Looking at her, with her gray eyes brimming with tears, he could not speak. She went to him. He reached out to her, thinking to take her hands, but instead his arms went around her. The divan was of such a height that his head rested naturally between her breasts. He felt her hands tighten about him.
Dear heart, I am so sorry. Her words rang like a bell in his mind. So clear, so simple, with such undemanding love.
Stripped bare by the moment, by worry and frustration, he had no defenses against her. She had slipped, gentle as dew, past the barriers of rank and history. Without judgment, without expectation, she seemed to peer directly into his heart. She saw everything that he was, everything that he thought and felt and dreamed, and accepted it all. The moment shook him to the core.
Gently, Carolin pushed her away and clambered to his feet, lest in a moment of weakness he betray his own response. What honor could come of it? She was a pledged virgin and he—his own wife lay dying just a short distance away.
When Carolin returned to Alianora’s chambers, the healer had just finished straightening the covers. Buckets overflowing with blood-soaked linens sat just inside the door. Their smell hung in the air. The healer went to the curtains and pulled them open.
So that she may look her last upon the glory of the day. Our poor child never even had the chance.
She bowed and slipped out the door, leaving Carolin alone with his wife.
For a terrible moment, he feared she had already slipped away, she lay so pale and still. When he lifted one hand, he was surprised at how cool it felt. T
he copper catenas bracelet lay loose around the fragile wrist.
Her eyes fluttered open. Pale, bloodless lips moved, shaped his name, but only a whisper of breath emerged. A film had fallen over the blue eyes, giving her the appearance of blindness.
He pressed his lips to the back of her hand. “Alianora. My good and dutiful wife.”
“My ... husband.”
By the grace of Evanda, there was time for one last gesture, one last farewell. What could he say to her? Nothing, he realized, that had not already been said in those few words. He remembered the first night they had lain together. In a moment of mental intimacy such as they had not shared in all the years together, he saw what was in her mind, the one thing she wished for above all else.
Yes, they were there, hidden in the toe of an old pair of boots. Not in her jewelry case or in any other place where they might be easily discovered.

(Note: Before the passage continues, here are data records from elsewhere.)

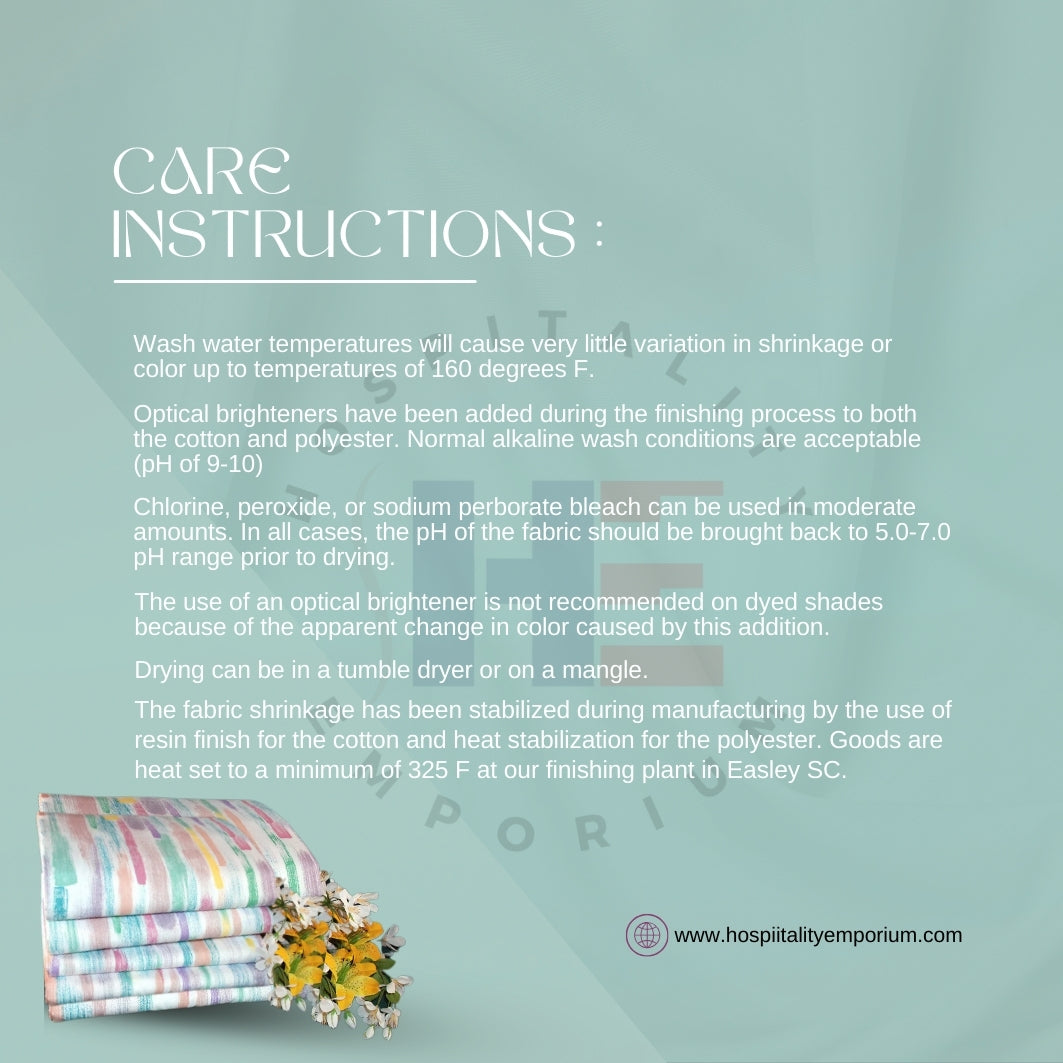 • Drying can be in a tumble dryer or on a mangle. The fabric shrinkage has been stabilized during manufacturing by the use of resin finish for the cotton and heat stabilization for the polyester. Goods are heat set to a minimum of 325 F at our finishing plant in Easley SC.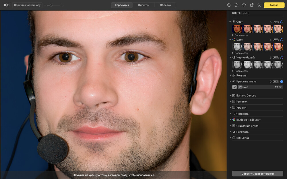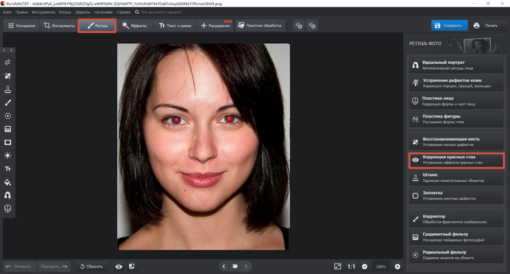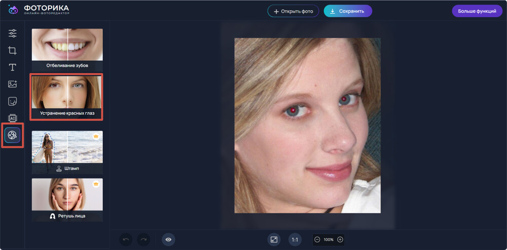 - В левой боковой панели выберите «Ретушь» → «Устранение красных глаз».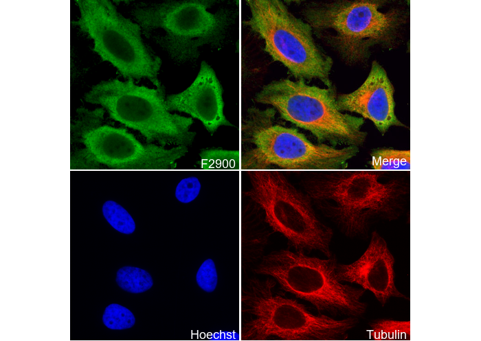 • Immunofluorescent analysis of Hela cells using F2900 (green, 1:500), Hoechst (blue) and tubulin (Red).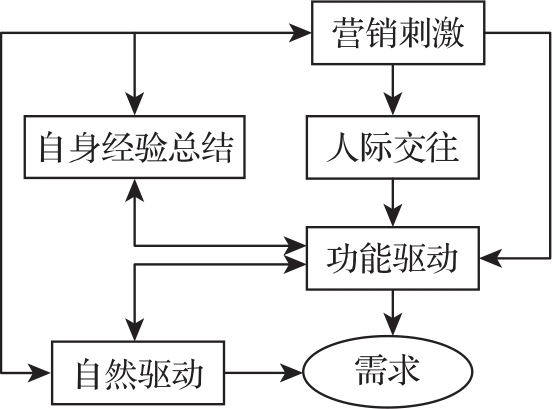 概括起来,导致个体需求产生的内外部刺激包括自然驱动、功能驱动、自身经验总结、人际交往和营销刺激等5个方面,如图3-2所示。自然驱动和功能驱动是最基本的需求产生力量,其他驱动因素都要通过它们才能发挥作用。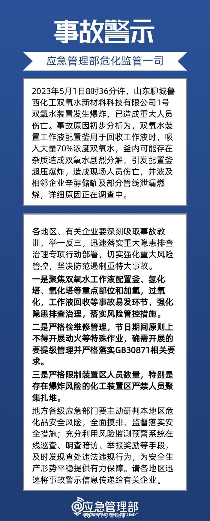 据应急管理部官方微博消息,5月1日,山东聊城中化集团鲁西化工双氧水生产区发生爆炸火灾事故,造成5人死亡、1人受伤,另有1名失联人员。应急管理部紧急发布事故警示,要求各地区、有关企业要深刻吸取事故教训,举一反三,迅速落实重大隐患排查治理专项行动部署,切实强化重大风险管控,坚决防范遏制重特大事故。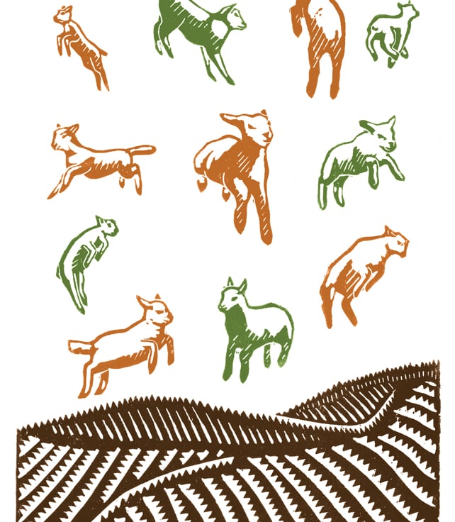 The image is of a gang of young lambs having a right old jump around on a hill, as they do in Spring. I had a more modest design for this a few years ago with a couple of lambs, but felt drawn to produce a more populated version!
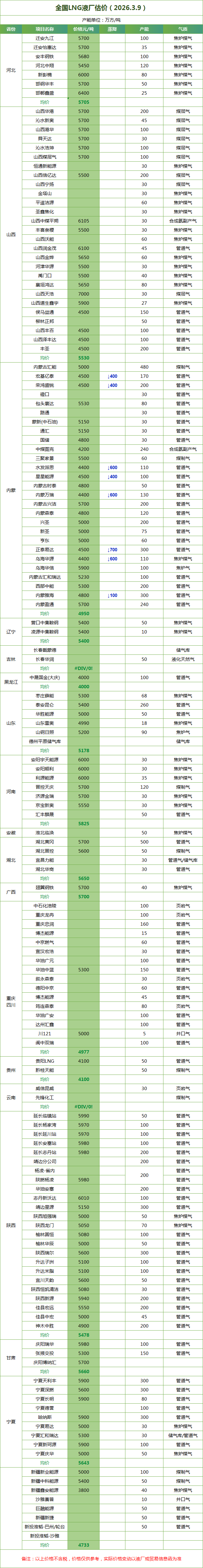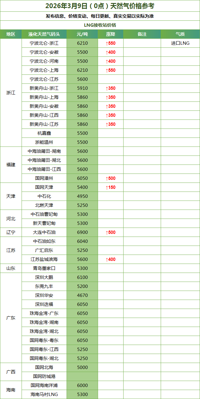 LNG天然气每日价格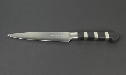 Die feine glatte Klinge der Rückenspitzmesser geht besonders leicht durch das Schneidgut. Dieses Messer eignet sich auf Grund seiner Form und Größe besonders zum Fleisch schneiden. Die dezent zum Rücken der Klinge hin zeigende Spitze macht das Messer ideal zum Schneiden auf dem Brett, denn man kann damit abrollen.
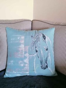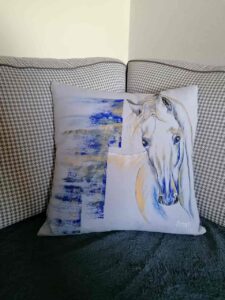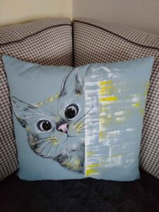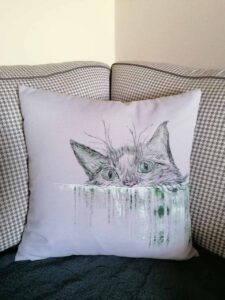 Tkanina malowana farbą do tkanin na bazie wody. Prać w wodzie o temperaturze do 40 stopni C. Prasować na lewej stronie.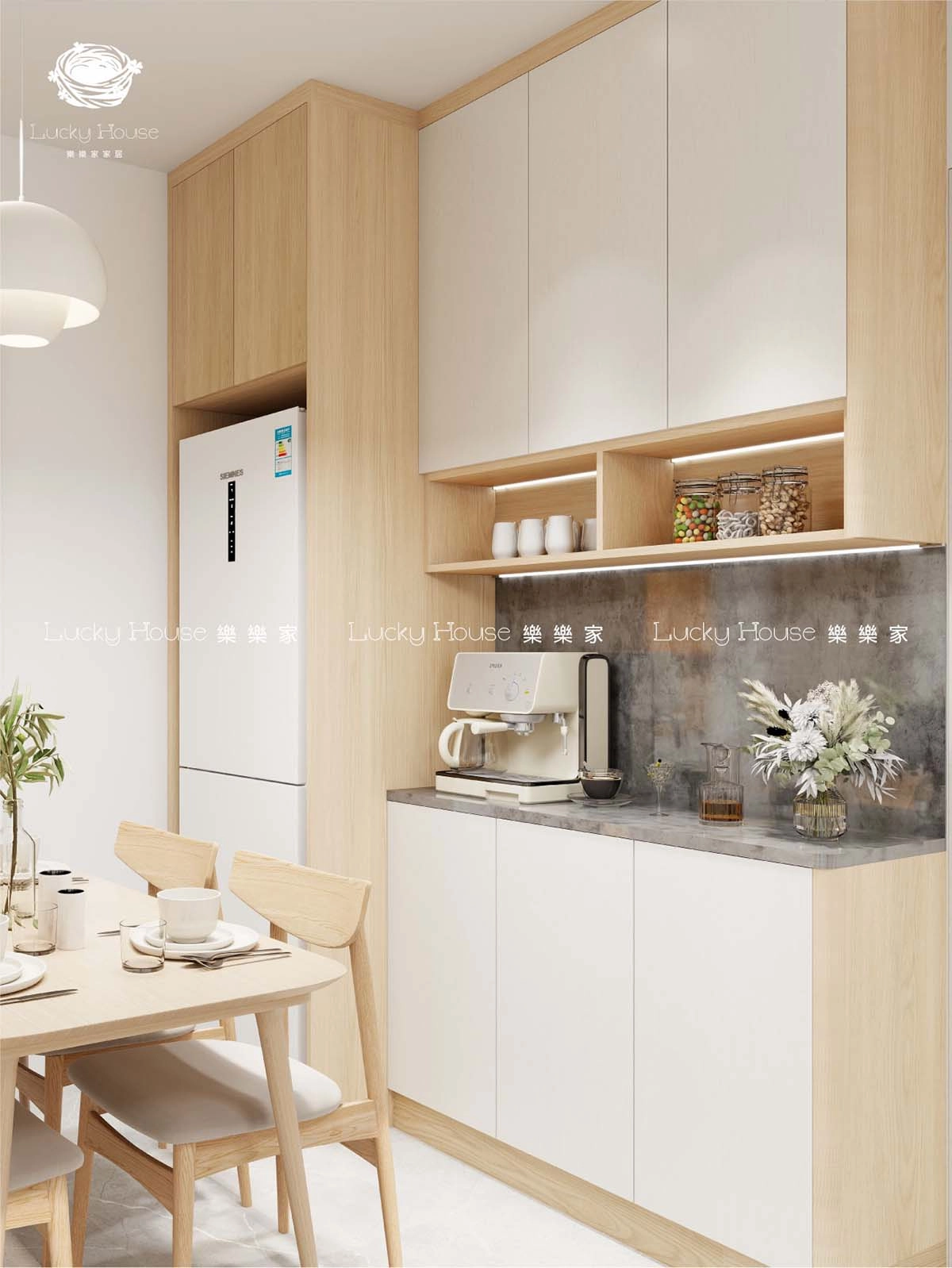 多功能餐邊櫃絕對係廚房好拍檔!除咗基本儲物空間,仲可以預留位置放咖啡機、熱水壺等電器,煮飯煮咖啡都好方便。上面嘅開放式層架可以擺餐具、裝飾品,增加用餐氛圍。對於鍾意招呼朋友嘅人,呢個餐邊櫃可以擺酒、零食,聚會時隨手就有得食得飲。
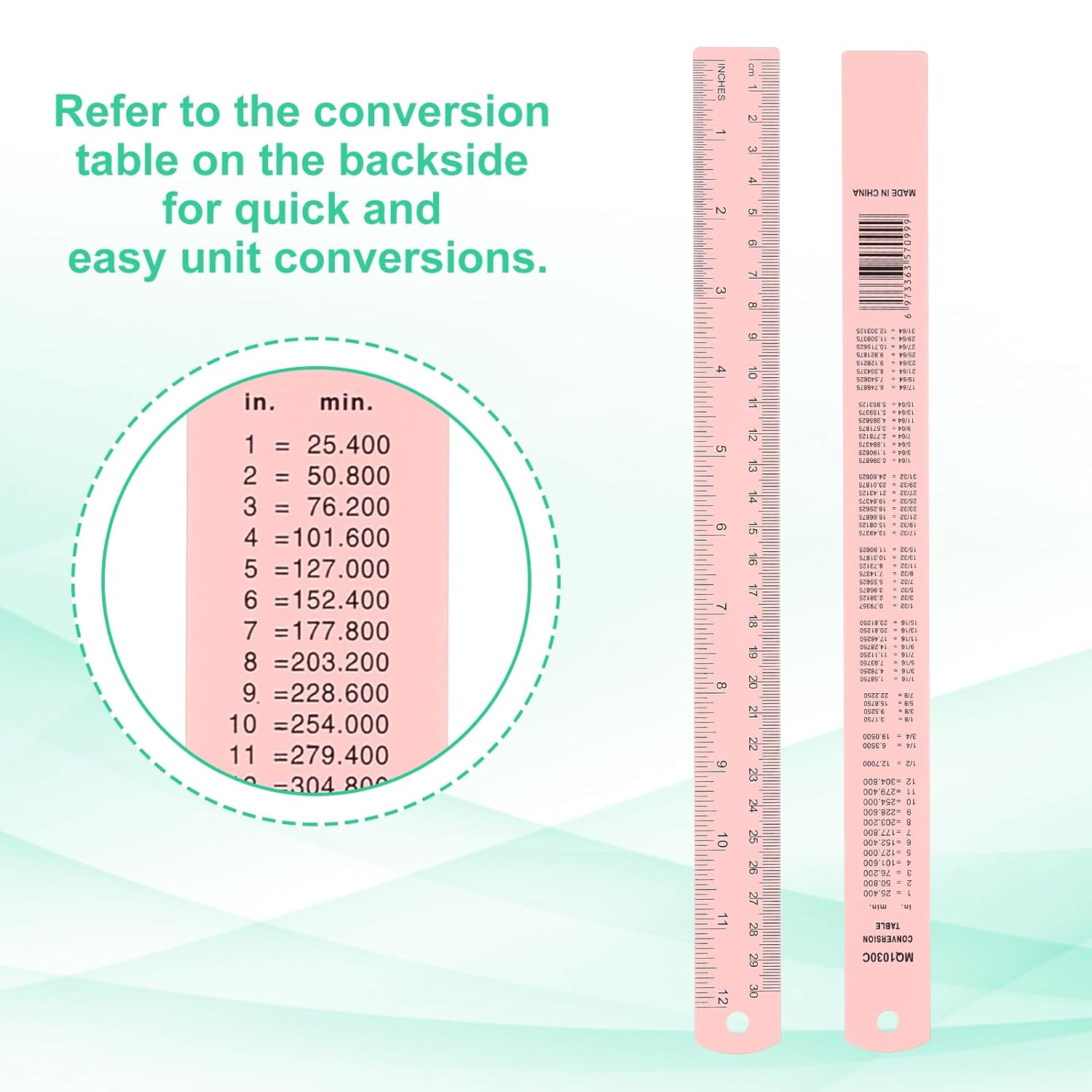 - Instruction: Use the ruler for precise measurements and calculations in both inches and centimeters. Refer to the conversion table on the backside for quick and easy unit conversion. Hang the ruler using the provided hole for convenient storage and accessibility.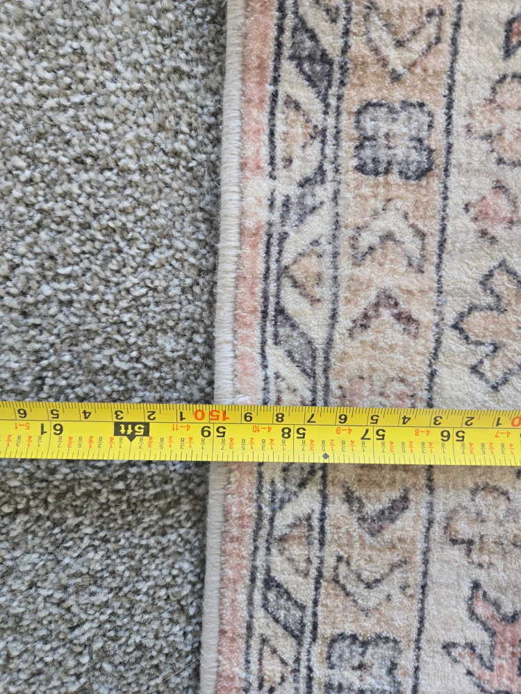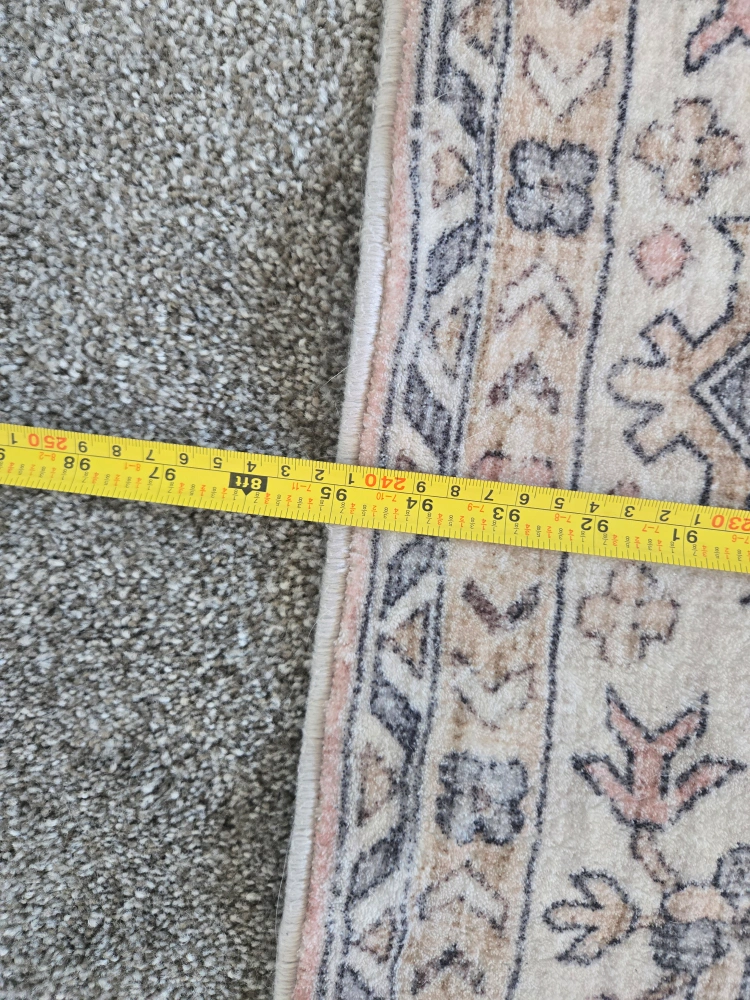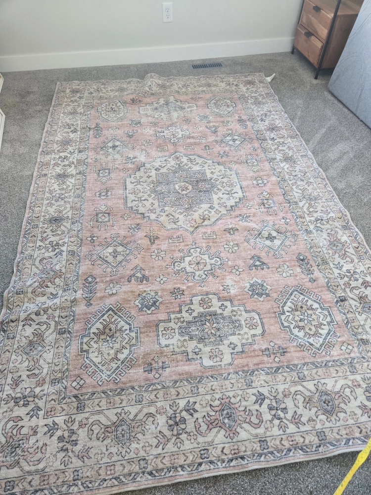 Selling a lovely area rug in beige and pink tones. It measures approximately 5 feet by 8 feet. Perfect for adding a touch of warmth and style to any room! very soft, brand new.

He placed the cristoforo beads into her hands, closed her fingers around them, and felt the answering pulse of relief and joy. Though he did not know more than a phrase or two, he sensed her own thoughts rising and falling in the ancient rhythms of prayer. When the final echoes had grown still, he realized that she was gone.
He leaned over and pressed his lips to her brow. She looked more at peace than she ever had in life. “May Holy St. Christopher, Bearer of the World’s Burdens, sustain your spirit.” Perhaps the words were wrong, for he knew little of her faith, but he spoke them with reverence. Surely, her god would understand. Surely her god would embrace her and their unborn child.
Sounds outside the door returned him to the present moment. He must go inform the King, and Rakhal and Lyondri. Maura would keep the children safe. Sustained by her gentle wisdom, he would find a way to tell them, too.
First, though, Carolin slipped the prayer beads from between Alianora’s limp fingers. He could not leave them here, where her secret would surely be revealed. To bury or destroy them was abhorrent, a negation of her entire life. There was one place, though, where he could take them—the monastery of Saint Valentine of the Snows at Nevarsin. They had planned to send the boys when they were older, as royal children often were, for the superb education and training in self-discipline. When the time was right, he would go with them, on an errand of his own.